Looking at the daily, we can see trend exhaustion into the most recent lows on both RSI and AO but daily structure is still bearish. We want to see this higher-low lead to a higher-high to validate our view, which here would mean OTHERS closing the daily above the August open at $277bn (and the 360dMA). If we see that, I would expect alts to continue higher towards the Q4 open at $300bn, above which I think we're retesting the most important level on this index which is that 2025 open. If we reject at $277bn and can't shift that structure bullish, I would expect OTHERS to trade lower again and attempt to mark out another-higher-low above $212bn, failing which we have continuation of the bearish trend since September and potentially a major shift on the higher timeframes.
OTHERS/BTC
Weekly:

Looking at OTHERS/BTC on the weekly, as mentioned after 10/10, alts marked their low right where Dec 2020 marked its low and marginally above where Dec 2017 and August 2019 marked their lows. We have been in a 4-year downtrend since Jan 2022 for alts vs BTC, and it really would be absurd if after all of that we got an historic capitulation candle that marked a cyclical bottom for alts vs BTC right where it has historically done so.
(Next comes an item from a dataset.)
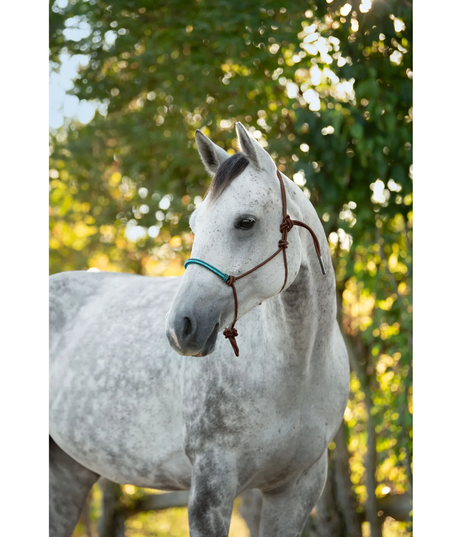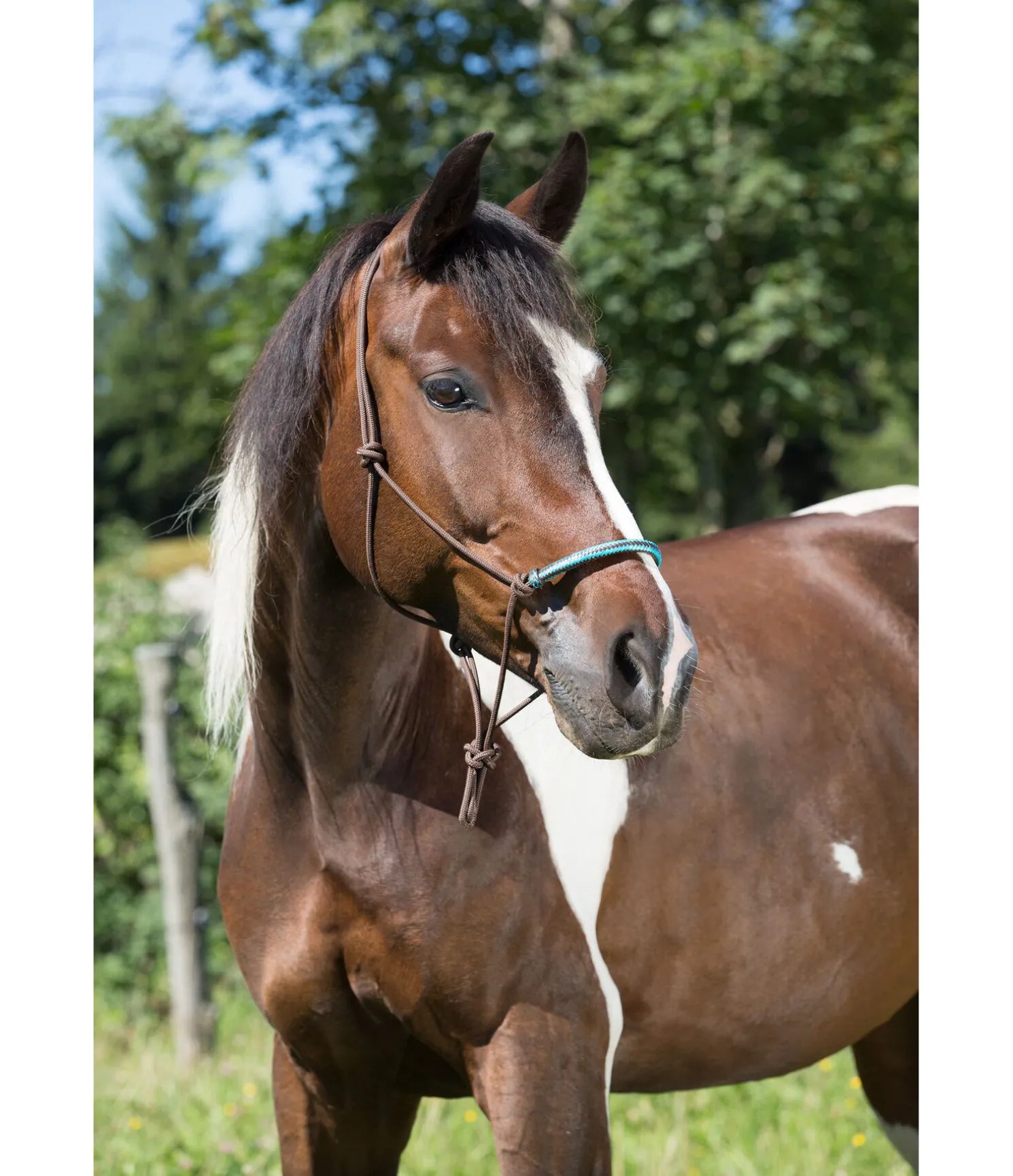 Licol à noeuds haut de gamme. Avec muserolle de couleur contrastante en cuir brut. Diamètre 6 mm.

Something something 'the funniest outcome...' - but seriously, we now have a very clear view on alts vs BTC because we have a bullish engulfing last week that marked out a higher swing-low above the Liberation Day lows at 2.1mn BTC, and thus if we now close the weekly below last week's low it's a pretty clean invalidation for any bullishness here on alts. If we do see 2.1mn BTC closed below, that's a very long way down to potentially backfill the wick and that would be continuation of this 4-year bear trend for OTHERS/BTC; whereas, if OTHERS/BTC can find some momentum after last week's close and push above the yearly VWAP and then close above that swing-high at 3mn BTC, we have bullish weekly structure after the largest capitulation event in altcoin history. Kinda binary and kinda high R/R if the bears are not right and we are not going to continue trending lower for alts vs BTC.
Daily:

Finally, turning to the daily, we can see how that September swing-high is confluent with the 360dMA, above which we have not closed since December 2024. Daily structure is (marginally)bullish here after the close a couple of days ago but we do now have quite a lot of overhead resistance into 2.6mn BTC, with the yearly VWAP and 90d rolling VWAP, as well as the 200dMA right here. If we can mark out a higher-low above 2.3m BTC early this week (as it currently looks like we are doing) and then push through 2.6mn BTC and reclaim it as support, I think we retest that 3mn BTC area over the next week or two and then we can assess whether we're rejecting and returning to range lows or we actually have the momentum for a breakout now that everybody has been convinced an index of alts will never broadly outperform Bitcoin again (4 years into a downtrend).
I hope you've found some value in the read this week!